A shipment contract is a legal document concerning the sale of goods (transfering a tangible item for a price) and other commercial transactions that are subject to the Uniform Commercial Code (UCC). Entered into by a buyer and seller, the shipment contract states the buyer’s risk for any loss or damages that result during the shipment of goods.

Shipment contracts can also provide other types of information. For instance, they also establish the seller’s liability up to the moment when the goods are delivered to a common carrier or port of shipment, when liability is transferred to the carrier or back to the buyer.

What is the Uniform Commercial Code?

The UCC is a codified set of laws and rules intended to achieve uniformity among the states concerning commercial transactions. The UCC concerns commercial and business transactions involving sales, leases, funds transfers, documents of title, secured transactions, and investment securities, among other commercial transactions. While UCC addresses the transfer or sale of personal property, it does not regulate transactions dealing with real property.

The UCC does require some sales of goods to be in writing to be legally enforceable. As stated earlier, shipment contracts discuss the risks of both the buyer and the seller. The shipment will also have all the earmarks of good contract requirements concerning the sale of goods, including price, payment, quantity and delivery.

Is a Shipment Contract Different from a Destination Contract?

Like a shipment contract, a destination contract is a type of freight contract that concerns the sale of goods and is governed by the UCC. In a destination contract, the seller agrees to ensure delivery of the specified goods to the buyer’s destination, and the seller’s liability continues until the goods are actually delivered. Risk of loss or damage to the goods while they are in delivery is borne by the seller.

In comparison, with a shipment contract, the seller’s liability typically ends when the goods are loaded onto the carrier or delivered to a specified location for shipment to the buyer. At that point, the liability is transferred to the buyer, or to the common carrier by contract.

What Terms Can Help You Spot a Shipment Contract?

Under the UCC, the shipment contract allows the buyer and seller to allocate risk in the event the goods are lost or damaged before the buyer receives the goods.
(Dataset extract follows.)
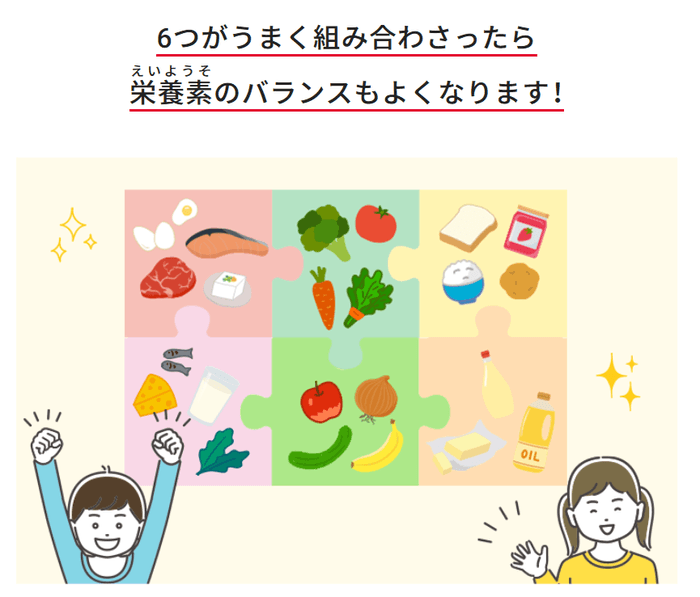 新コンテンツは、その五大栄養素をバランスよく摂取するための「6つの基礎食品群」をテーマにしています。小学校高学年から中学生の成長期は、体が大きくなるとともに活動も盛んになる時期です。同時に体型を意識しはじめる時期でもあります。極端なダイエットをして栄養が不足すると、体調不良や肌荒れにつながります。成長期という大切な時期だからこそ、さまざまな食品を上手に組み合わせ、栄養バランスのとれた食習慣を身につけて、健康な食生活を送れる大人になってほしいと期待しています。

The seller promises to get the goods to a common carrier to make delivery of goods from seller to buyer. The shipment contract will typically state “free on board” and list where the seller is located.

If your contract has language that is similar to that above, you probably have a shipping contract. Additionally, the shipment contract may read like the following:

  • FOB Plus the Place of Shipment or Seller’s Location: The place from which the goods ship is stated at the end of “free on board” or “freight on board” (FOB) clause. For example, the seller is shipping a load of televisions from New York to the buyer in Chicago. The contract states “FOB New York Factory,” which indicates that the seller is required to load the goods from its factory in New York. Once it does so, it no longer has any liability to buyer under the contract.
  • FAS [name of the port/vessel]: This means “free alongside ship,” which is followed by the name of the port or  vessel from which the goods are shipped to the buyer.
  • CIF or CF: You also may have a shipment contract if it includes the terms “cost, insurance, and freight” (CIF) or “cost and freight” (CF). This means that the seller assumes the costs and responsibility for the freight (which includes insurance) to deliver buyer’s goods to the port of destination. The seller’s CIF may be reflected in a higher price on buyer’s goods. The risk transfers back to buyer once the goods are loaded on the ship.

On the other hand, the following terms generally point to a destination contract:

  • FOB Destination” or “FOB Buyer’s Factory.”
  • Ex Ship: This means seller’s price includes charges up to the port of destination or arrival when liability passes to the buyer who is responsible for unloading the goods.
  • No Arrival, No Sale: This is a UCC term that gives the buyer the option to cancel the contract or accept the goods at a discounted cost. This covers scenarios in which the goods are lost or damaged while the seller is delivering the goods to a specified location.

Should I Seek Legal Help If I Have a Dispute over a Shipment Contract?

Freight contracts are fairly standard in the shipping industry. However, if you are dealing with a complicated arrangement concerning your obligations under a shipment contract, you may wish to consult with a qualified business lawyer to help you negotiate and draft your shipment contract. Your attorney also can help you if the shipment contract has been breached and you have suffered damages as a result.